● **Task directions**: Repeat the lines below exactly as they appear, but leave out the images.

── Data extracts ──

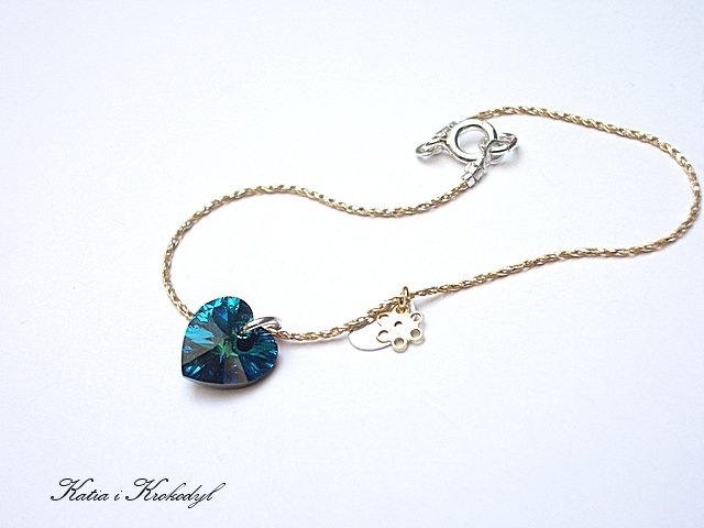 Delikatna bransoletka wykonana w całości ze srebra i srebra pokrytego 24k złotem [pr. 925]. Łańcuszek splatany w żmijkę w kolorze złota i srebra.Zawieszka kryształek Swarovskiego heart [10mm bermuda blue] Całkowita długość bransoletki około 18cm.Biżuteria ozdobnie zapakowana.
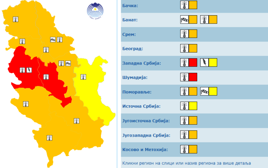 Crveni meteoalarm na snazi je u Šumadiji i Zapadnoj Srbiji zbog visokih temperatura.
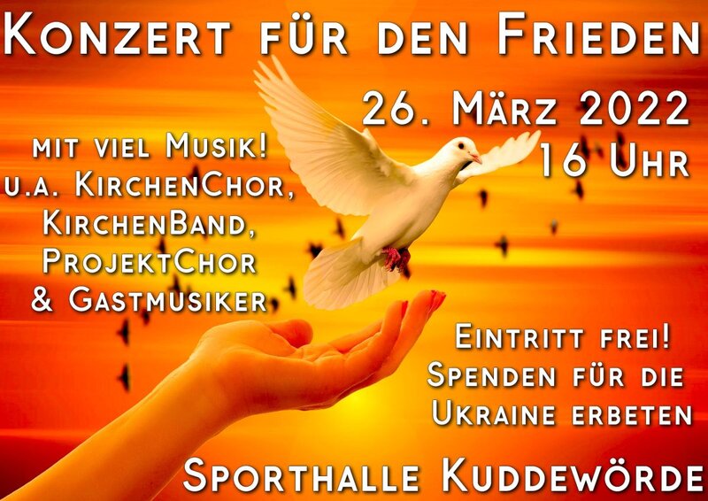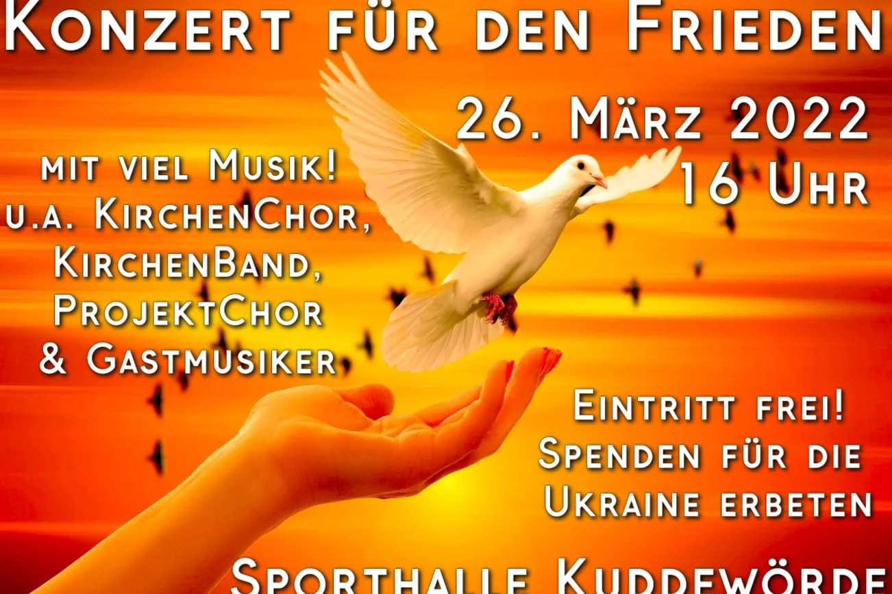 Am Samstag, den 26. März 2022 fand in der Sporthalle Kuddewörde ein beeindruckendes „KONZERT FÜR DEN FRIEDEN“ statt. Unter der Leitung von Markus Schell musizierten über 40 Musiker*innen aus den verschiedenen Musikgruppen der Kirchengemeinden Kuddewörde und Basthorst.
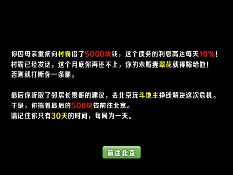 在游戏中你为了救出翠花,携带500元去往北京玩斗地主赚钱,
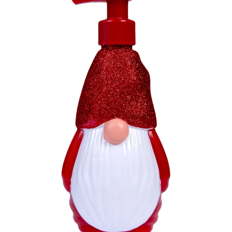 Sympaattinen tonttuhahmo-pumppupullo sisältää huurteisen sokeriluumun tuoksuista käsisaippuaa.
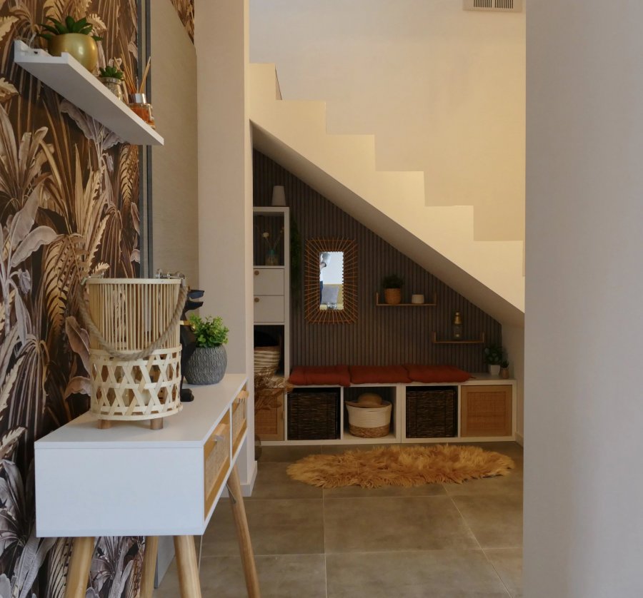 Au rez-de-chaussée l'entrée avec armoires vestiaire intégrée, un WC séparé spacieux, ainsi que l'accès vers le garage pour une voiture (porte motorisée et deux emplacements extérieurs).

───

● **Solution**:
 Delikatna bransoletka wykonana w całości ze srebra i srebra pokrytego 24k złotem [pr. 925]. Łańcuszek splatany w żmijkę w kolorze złota i srebra.Zawieszka kryształek Swarovskiego heart [10mm bermuda blue] Całkowita długość bransoletki około 18cm.Biżuteria ozdobnie zapakowana.
 Crveni meteoalarm na snazi je u Šumadiji i Zapadnoj Srbiji zbog visokih temperatura.
 Am Samstag, den 26. März 2022 fand in der Sporthalle Kuddewörde ein beeindruckendes „KONZERT FÜR DEN FRIEDEN“ statt. Unter der Leitung von Markus Schell musizierten über 40 Musiker*innen aus den verschiedenen Musikgruppen der Kirchengemeinden Kuddewörde und Basthorst.
 在游戏中你为了救出翠花,携带500元去往北京玩斗地主赚钱,
 Sympaattinen tonttuhahmo-pumppupullo sisältää huurteisen sokeriluumun tuoksuista käsisaippuaa.
 Au rez-de-chaussée l'entrée avec armoires vestiaire intégrée, un WC séparé spacieux, ainsi que l'accès vers le garage pour une voiture (porte motorisée et deux emplacements extérieurs).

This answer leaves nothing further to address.